Zhihan Yang, September 2 2020

In [1]:
%load_ext autoreload
%autoreload 2

Imports

Back to TOC

In [2]:
import json

import numpy as np
import matplotlib.pyplot as plt
import gym

from tqdm.notebook import tqdm

import sys
sys.path.append('../../modules')

import matplotlib.pyplot as plt
from mpl_toolkits.mplot3d import Axes3D
import mpl_toolkits.mplot3d.art3d as art3d

from scipy.signal import savgol_filter

# for video display
import io
import base64
from IPython.display import HTML
from gym import wrappers

Algorithm

Back to TOC

The algorithm below will be implemented in this article. It is basically SARSA adapated to function approximation of the action value function. For the motivation of SARSA and Q-learning, please check out a previous post of mine. For the derivation of the update rule, please check out the section 9.3 Stochastic Gradient and Semi-gradient Methods of Sutton & Barto RL Book.
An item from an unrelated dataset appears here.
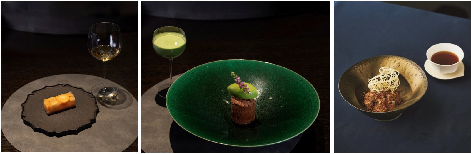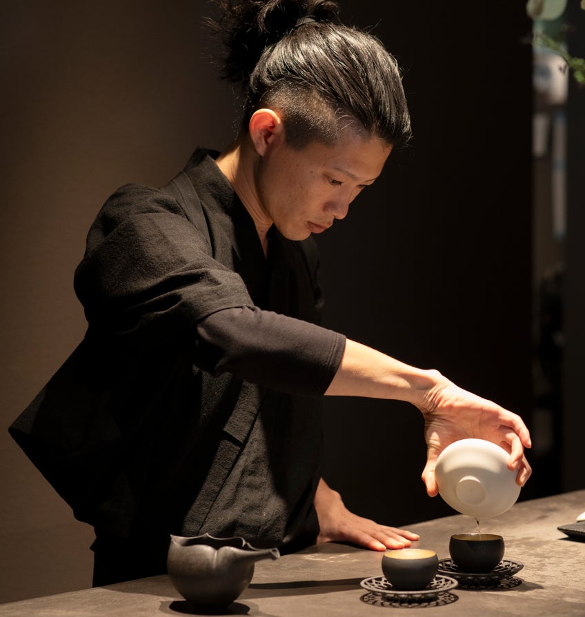 東京・神楽坂の、日本茶を織り交ぜたデザートコースの専門店。オーナーシェフ田中俊大氏が、カカオを主軸に 「日本茶の可能性」を表現した特別なショコラコースをお届けします。独創的なセンスで食材を操る田中氏の、一期一会の味わいをぜひ。

Implement important classes

Back to TOC

Tile coding

Back to TOC

Tile coding is a method for constructing discrete features from continuous state spaces. Compared to the naive grid-based approach (converting a continuous state space into a discrete space of non-overlapping grid cells), tile coding allows for generalization and therefore faster learning.

For instance, suppose we have the following 2D continuous state space (the square with bold borders). Then tile coding works as follows:

where each tiling is a mesh of tiles.

If we are using a linear model with no interaction, then the weights corresponding to exactly these 3 tiles will be updated. This enables local generation because each tile contains a subset of points (not just one) in the state space. In practice, tilings are offsetted asymmetrically because doing so results in spherical generalization, while symmetric tiling results in diagonal generalizations (see the figure below copied from the book). In this implementation, I used random offsets to make things easier.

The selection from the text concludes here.